Google and Yahoo crafted a revenue-sharing deal that would have allowed Yahoo to run on its own Web site ads sold through Google.
But there was cause for concern from the beginning. Google claims roughly 70 percent of the search ad market, with Yahoo in second place with about 20 percent and Microsoft far behind, at 8 percent.
In what is essentially an ongoing online auction, advertisers bid for the right to a particular search term on a particular search engine; the bidder offering to pay the search engine the most per user click gets its ad placed alongside free search results. Yahoo's technology is competitive with Google's in placing "head" searches - ads linked to one-word searches. Because of Google's superior technology, though, Yahoo lags way behind in placing ads linked to "tail" searches - or those that contain multiple terms. These are the kinds of ads Yahoo was most likely to pick up through the revenue-sharing agreement. And therein lies the problem.

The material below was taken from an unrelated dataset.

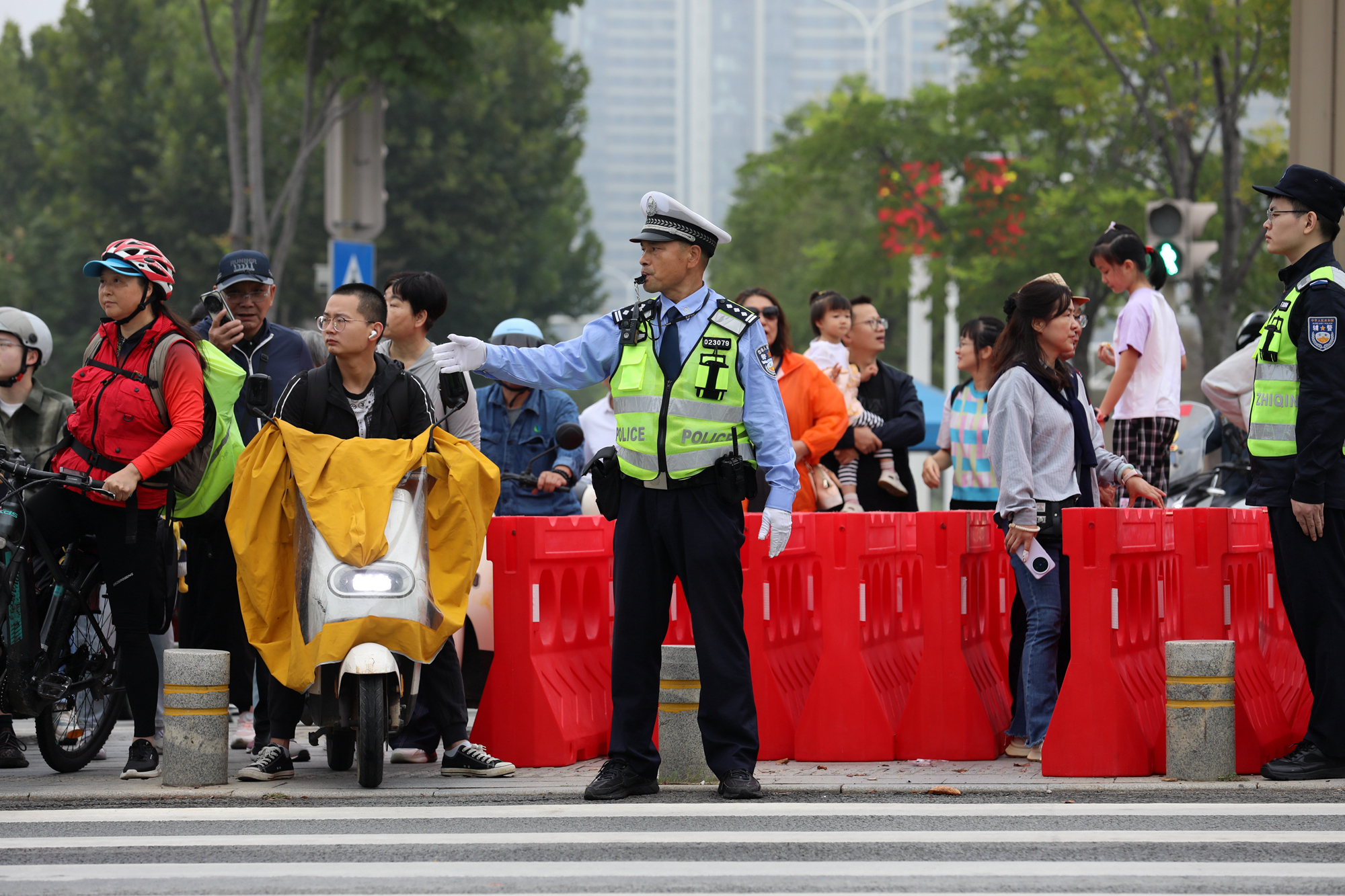 幕后工作也一点没闲着。隔离墩摆得牢不牢?临时指示牌看得清不清?负责路面设施的同志来回巡查,就怕哪个细节没到位。
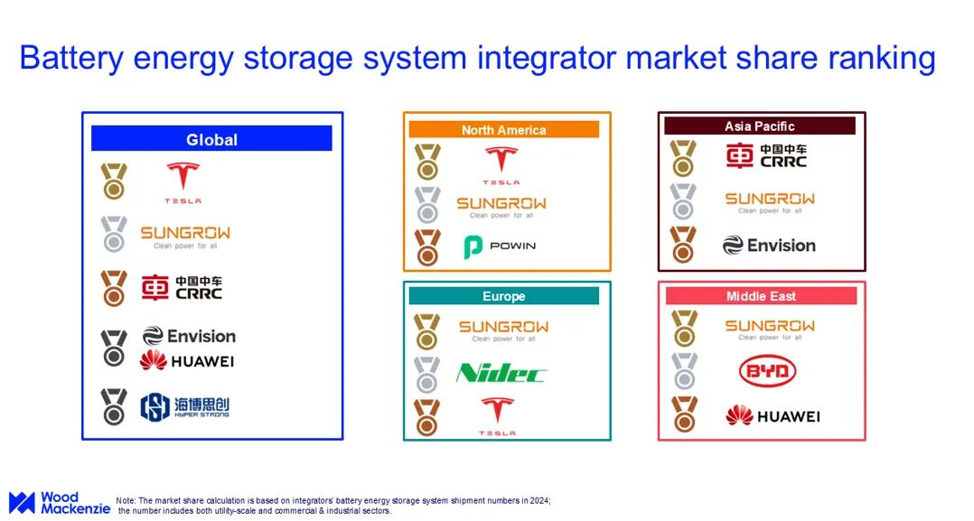 根据伍德麦肯兹2025年全球电池储能系统集成商排名中,阳光电源以14%的市场份额稳居第二,与第一的特斯拉15%的市场份额几乎无差别。但在北美市场,特斯拉以39%的市场份额处于垄断地位,阳光电源保持第二的排名,但市场份额从17%降至2024年的10%。

The Justice Department worried that the arrangement would prove so profitable for Yahoo that it would abandon "tail" searches altogether; even if it did not, the company would have had little incentive to further develop its technology for such searches.
As outgoing antitrust chief Thomas O. Barnett noted in a news release this month, the deal risked turning the companies into "collaborators rather than competitors."
The Justice Department was right to be concerned - as were legions of advertisers that rely on the search engines and that would almost certainly have faced higher prices.